Give again, word for word, the lines below that run from the line with "芭蕉新绿 新华区实验小学二(4)班 马婉琳 指导老师:赵珂漫" through the line with "रैली में शामिल". Drop the pictures.

──────────────────────────────

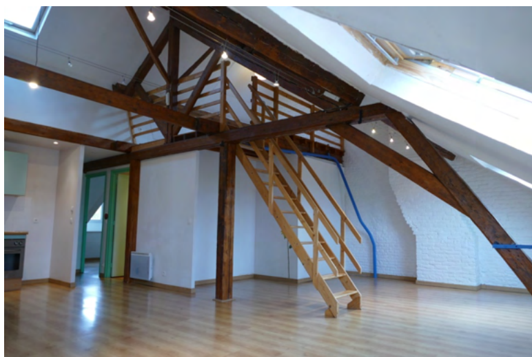
SALON APPARTEMENT 6
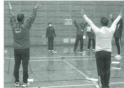
◀◀ 綱引きの審判 ▶▶ 判定の合図の練習です。みんなでボーイング。

競技の審判や指導を行うためには定期的な講習会で技術を身につけることが大切です。早良区親善スポーツ大会で実施している①綱引き、②ビーチボールバレー、③ファミリーバドミントンの3種目について、今年度は親善スポーツ大会は中止になりましたが、コロナ禍に配慮し、体育振興会の実行委員会委員を中心に審判講習会を実施しました。
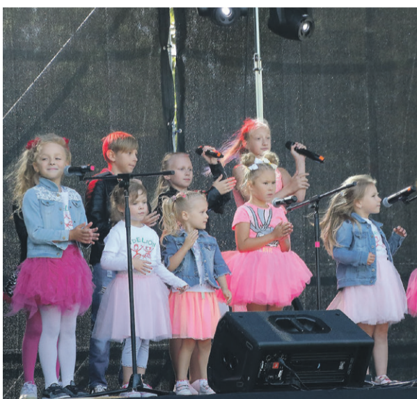
Детские коллективы на малой сцене.
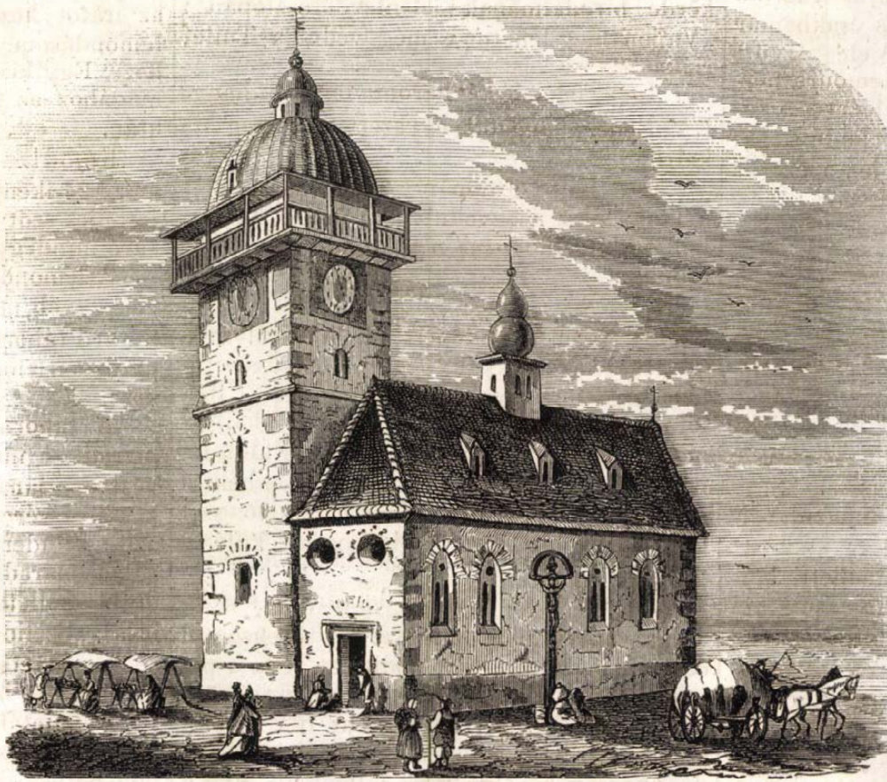
Szepes-Olaszi-i városi torony s régi kis templom.

De a muzeumnak a parkon kívül eső környezete is évről évre szépül, s a körülötte látható ronda házikók vagy üres telkek helyén csinos, nagy házak, valódi paloták emelkednek. Feltűnő, hogy a mult, s különösen a jelen évben, midőn Pesten az építési kedv csaknem végkép szünetelt, épen a muzeum vidékén tünt fel a legnagyobb építkezési buzgalom. A muzeum átellenében, az országúti házsoron ez idén készült el két háromemeletes nagy bérház (a Szeghő- és Geisztfféle); a muzeum háta megett pedig, hol már több év óta áll készen a nemzeti lovarda csinos épülete (l. V. U. 1858. 7-ik szám) két monumentalis uri palota emelkedik, melyek Pest legzebb magánépitményei közé fognak tartozni. — E két palota a muzeum hátsó részével párhuzamosan, a lovardával egy sorban, ez utóbbinak két oldalán terül el. Az egyik a gr. Károlyi-féle palota, melyet néhai gr. Károlyi Lajos kezdett két évvel ezelőtt építtetni, s mint örömmel halljuk, most az időközben elhalt birtokos-fia, gr.
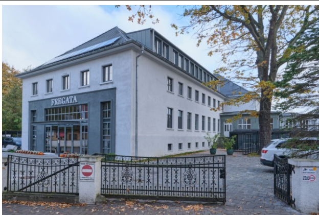
Widok ogólny bryły od strony północno-wschodniej
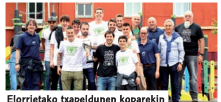
Elorrietako txapelketa koparekin

gainditu zituen, titulua emango zioten 71 puntu lortuz. Aretxabaleta eta Soloarte jaitsi egin ziren. Euskal Ligan, Elorrietako taldearen denboraldi distiratsuari esker 49 punturekin txapelketa aldarrikatzeko eta Hirugarren kategoriara jauzia ematea lortu zen. Nazionalera lagunduko diote bigarren sailkatutako Gora Bilbao taldeak, halaber kanpaina bikaina egin ondoren eta Batzarre hirugarrenak.
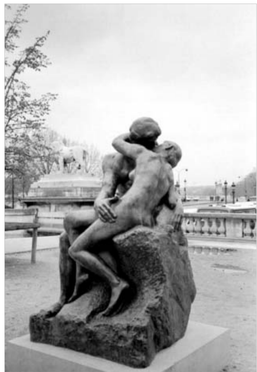
ოგიუსტ როდენი 'გაზაფხული'

უნივერსიტეტის მესვეურები ხაზგასმით აღნიშნავენ, რომ მიზნობრივი ჯგუფის – სოციოლოგიის, ფსიქოლოგიისა და მედიცინის შემსწავლელთა გარდა, ისინი სემინარში მონაწილეობისათვის ყველას ინვევენ, ვისაც ადამიანთა გრძობებში გარკვევა სურს.
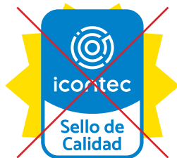
No invadir el fondo con elementos gráficos
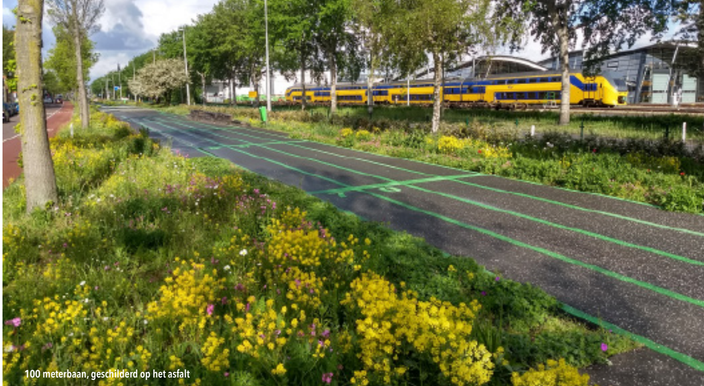
100 meterbaan, geschilderd op het asfalt
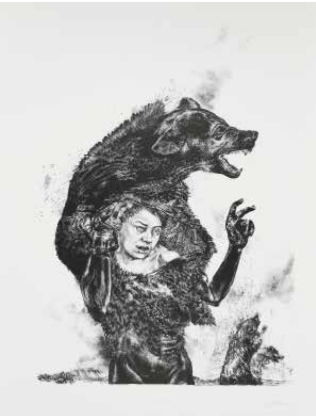
Diane Victor (1964 - ) The boy who cried wolf , lithographie, 2019 Coll. Musée de Gravelines
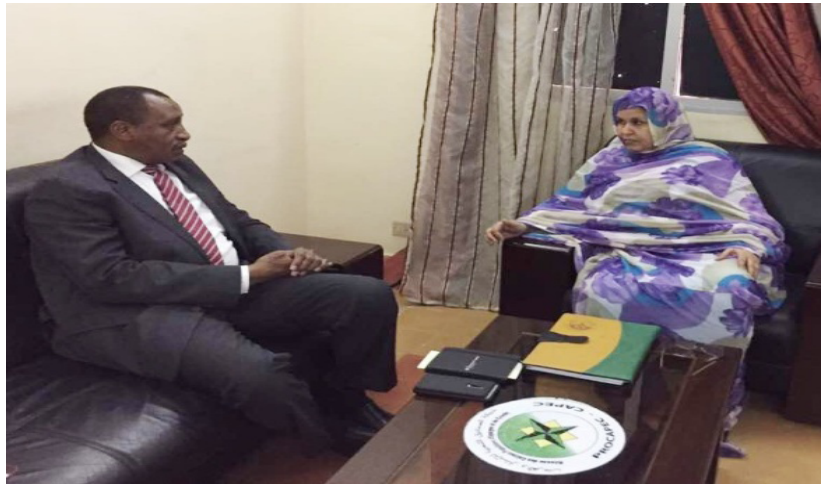
معالي البروفيسور الدخيري المدير العام للمنظمة العربية للتنمية الزراعية و وزيرة البيطرة الموريتانية
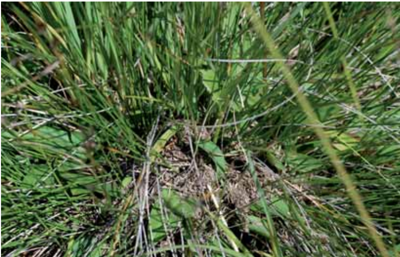
Abb. 5: Formica picea – Nest.
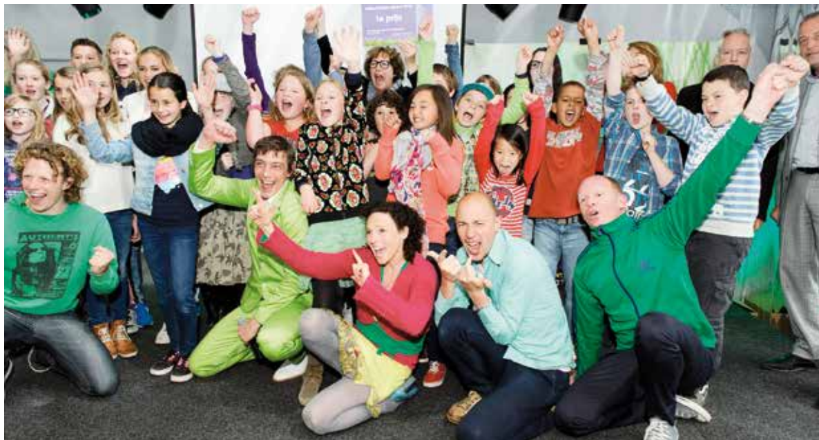
De Eerste Montessorischool uit Hoofddorp won de Milieu Helden Award 2013.

bespaard. De Dag van de Duurzaamheid op 10 oktober was in Haarlemmermeer uitgebreid tot een hele week met veel duurzaamheidsactiviteiten. Vijf 'young reporters' van het Herbert Visser College maakten hiervan een film die vertoond werd tijdens de grote slotmanifestatie in het Haarlemmermeer Lyceum. De gemeente stimuleert duurzaamheidsprojecten op scholen. Het Natuur en Milieu Centrum Haarlemmermeer (NMCH) speelt hierin een belangrijke rol. Het NMCH doet veel educatieve projecten over duurzaamheid.
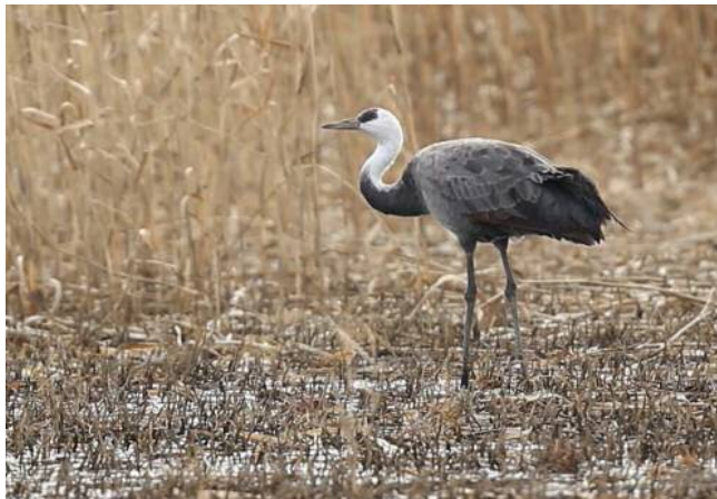
ナベヅル (絶滅危惧II類)

毎日寒い日が続き、野鳥観察のシーズンになりました。 乾燥していますので、火の取り扱いに十分注意し、マナーを守って観察しましょう。
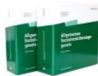
Allgemeines Sozialversicherungsgesetz Ladenpreis: 128,00 EUR
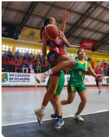
Meninas de Alagoas chegam as semifinais

A Seleção Feminina de Alagoas fez um jogo de muito equilíbrio e de instabilidade. O jogo foi desenhado com Alagoas a frente do placar na maioria do confronto, mas com o Rio Grande do Norte ficando a frente na reta final e Alagoas conseguindo uma virada sensacional nos instantes finais do partida, fechando o placar em 33 x 29, com o primeiro tempo fechando com 17 a 16 para Alagoas. Faltando pouco mais de um minuto, a equipe potiguar venceu por 29 x 25. As alagoanas reagiram, fizeram oito pontos, enquanto as norte-riograndenses não marcaram mais.
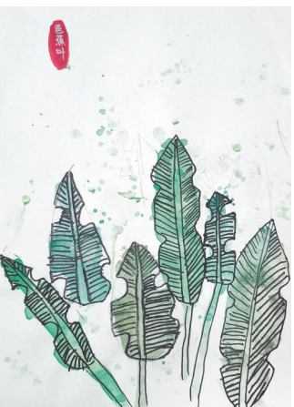
芭蕉新绿 新华区实验小学二(4)班 马婉琳 指导老师:赵珂漫
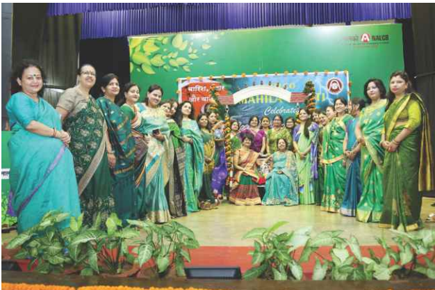
"Sawan Ke Sath Aao Jhume"
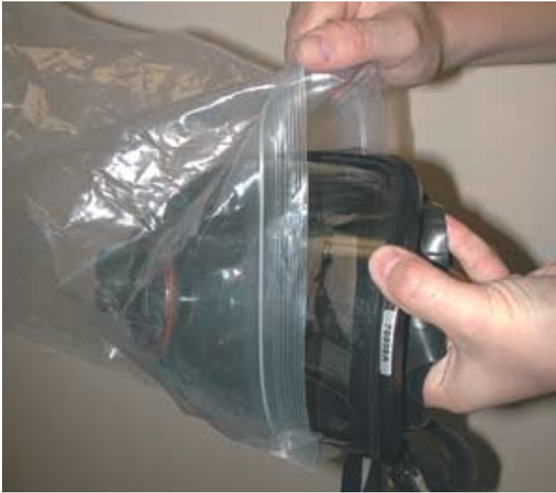
L'intérieur du sac à fermeture hermétique peut se salir à force d'être utilisé. Il faut donc le nettoyer ou le remplacer régulièrement.

avec la peau et le souffle de l'utilisateur précédent. À chaque échange, le masque doit donc être nettoyé tel que décrit précédemment puis désinfecté selon les instructions suivantes.
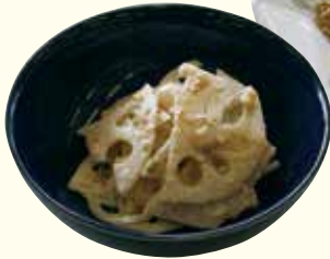
▼れんこんのごまマヨサラダ
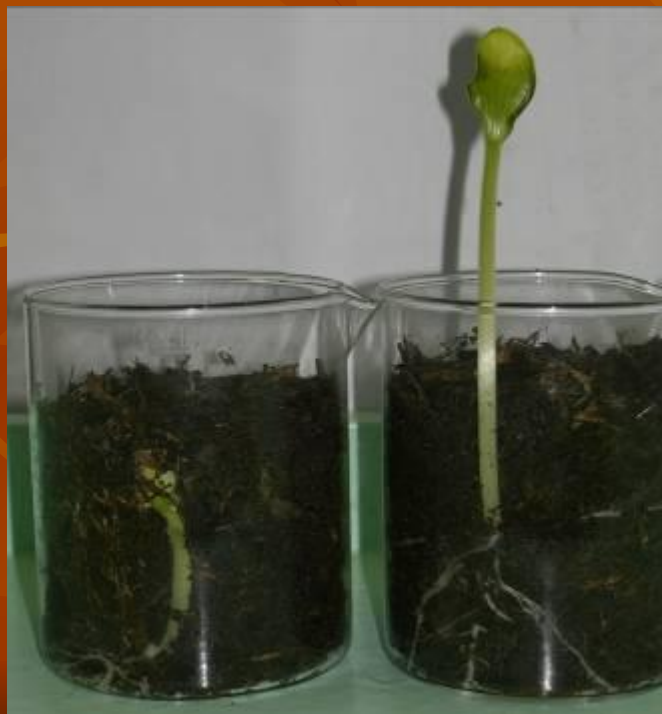
Спустя семь дней после закладки опыта

Проростки тыквы, появившиеся после посадки ее семян в почву на разную глубину
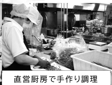
直営厨房で手作り調理
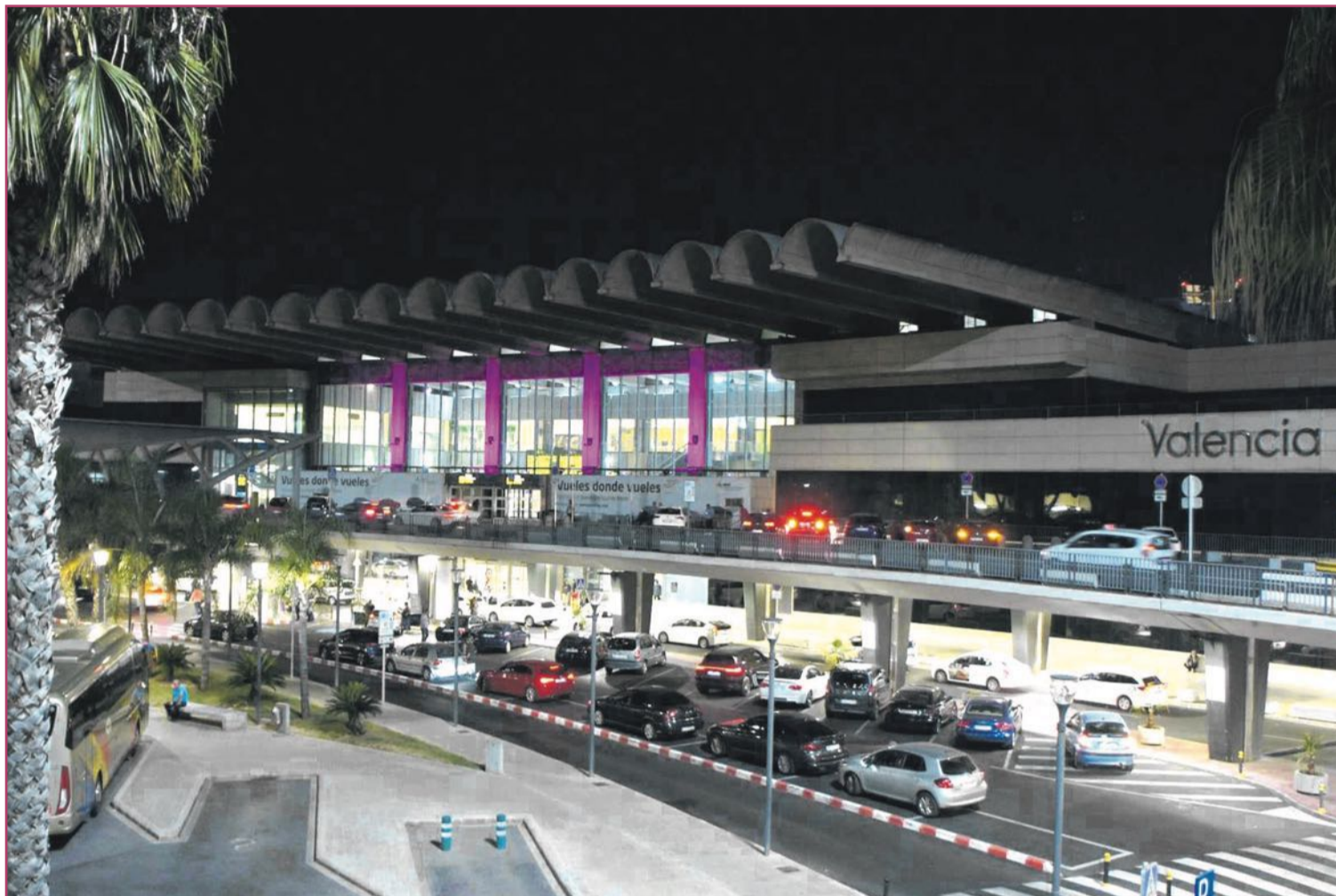
Los aeropuertos de la Comunitat, como el de València-Manises, se han convertido en importante lazo de unión con el mundo.

En 1933, pese a la crisis, València contaba con una fuerte burguesía
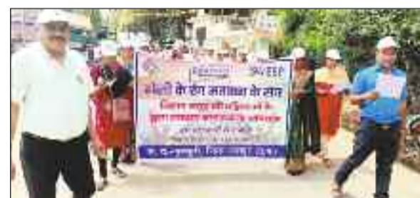
रैली में शामिल बिहान स्व सहायता समूह की महिलाएं।

जशापुरनगर। जिले में स्वीप कार्यक्रम के तहत लोकसभा चुनाव में शत-प्रतिशत मतदान के प्रति लोगों को जागरूक करने
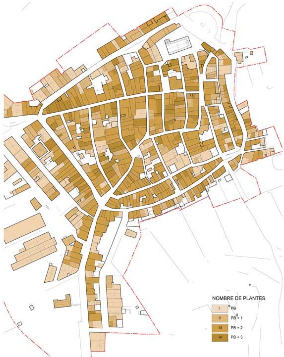
Anàlisi del nombre de plantes de les edificacions del nucli urbà de Vilalba dels Arcs (elaboració pròpia)
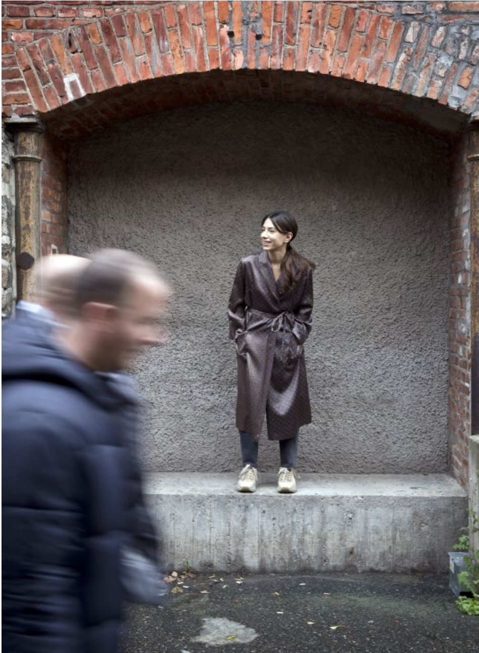
STEN A OLSSONS KULTURSTIPENDIUM 2018

egenföretagare, att du marknadsför och säljer dig själv. Du tackar ja till saker som du egentligen inte vill, för att senare kunna göra det du brinner för. Men när du väl nått dit är du för trött eller splittrad eller har gått in i väggen. Därför känns det fantastiskt att få ett stipendium som syftar till utveckling, som gör det möjligt att få fortsätta att utforska sitt eget konstnärskap, pröva nya vägar. Få tid, framförallt.
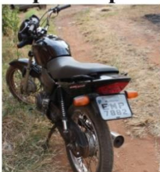
Motocicleta estava com chassi rasgado e placa feita artesanalmente, mas que a mesma estava sem chassi rasgado. Pelo tipo que apresentava esse chassi, a mo-

De acordo com o policial, não foi localizada nenhuma combinação de abandono desta motocicleta e a polícia constata-
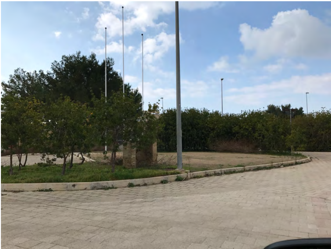
AREA C/O IBERHOTEL
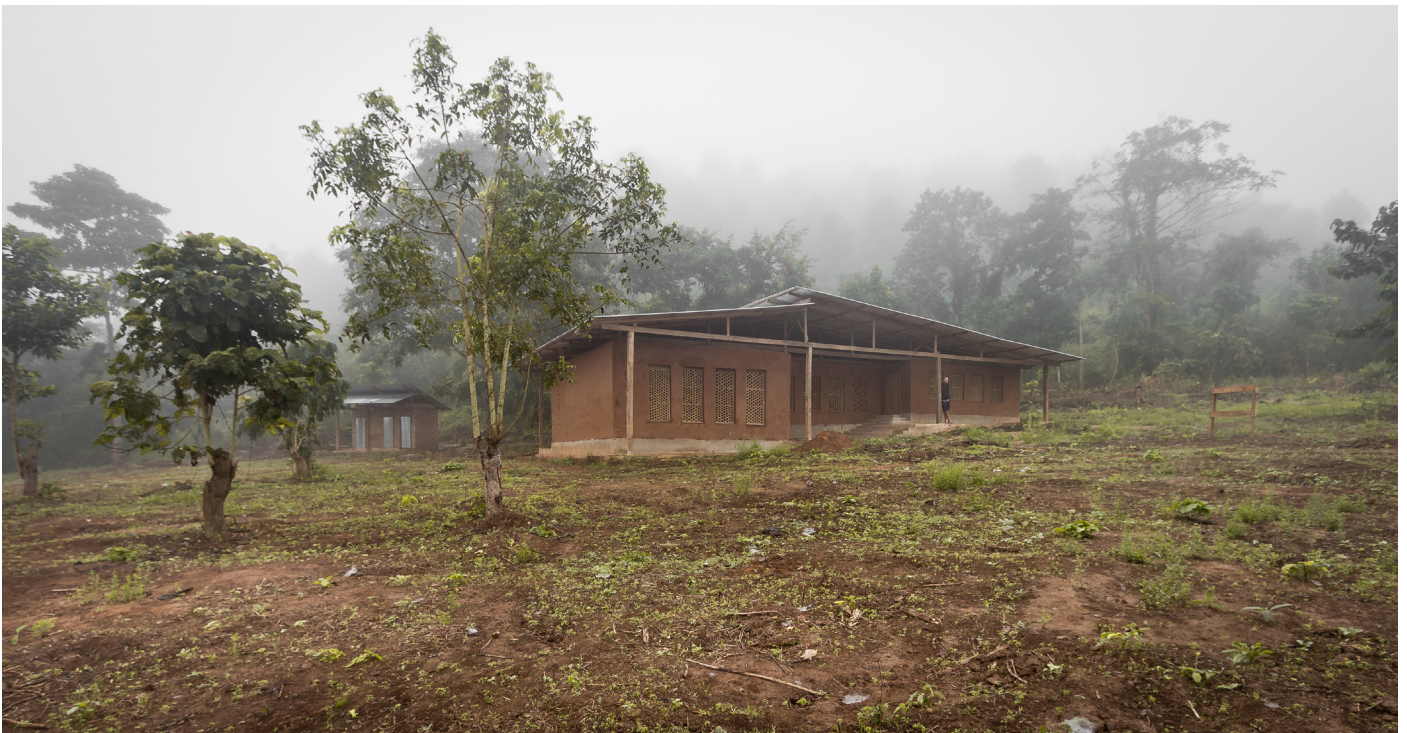
Resultatet gjennom Franc's linse.

For mer om Franc: http://outteresting.com
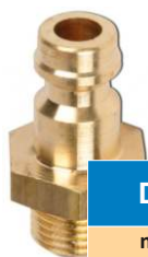
CUPLA PNEUMATICA TATA DN 7.2 CU FILET EXTERIOR BSP
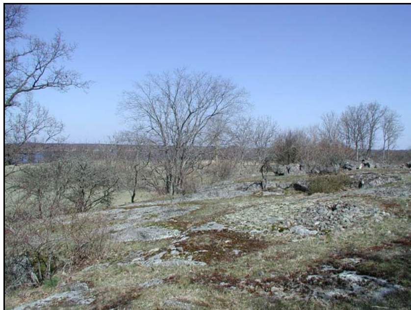
Fig.3 - Hållmark inom Delområde 1, fotograferad mot N.

I samband med den särskilda utredningens inventeringsarbete framgick det att utredningsområdet grovt kunde indelas i fyra olika delområden med hänsyn till topografi och nutida markanvändning (bilaga 1). Delområde 1 är delvis bevuxet med ekblandskog, men inbegriper även omfattande partier hållmark. Området nyttjas idag i sin helhet som hagmark.

──────────────────────────────

Task answer
芭蕉新绿 新华区实验小学二(4)班 马婉琳 指导老师:赵珂漫
"Sawan Ke Sath Aao Jhume"
L'intérieur du sac à fermeture hermétique peut se salir à force d'être utilisé. Il faut donc le nettoyer ou le remplacer régulièrement.

avec la peau et le souffle de l'utilisateur précédent. À chaque échange, le masque doit donc être nettoyé tel que décrit précédemment puis désinfecté selon les instructions suivantes.
▼れんこんのごまマヨサラダ
Спустя семь дней после закладки опыта

Проростки тыквы, появившиеся после посадки ее семян в почву на разную глубину
直営厨房で手作り調理
Los aeropuertos de la Comunitat, como el de València-Manises, se han convertido en importante lazo de unión con el mundo.

En 1933, pese a la crisis, València contaba con una fuerte burguesía
रैली में शामिल बिहान स्व सहायता समूह की महिलाएं।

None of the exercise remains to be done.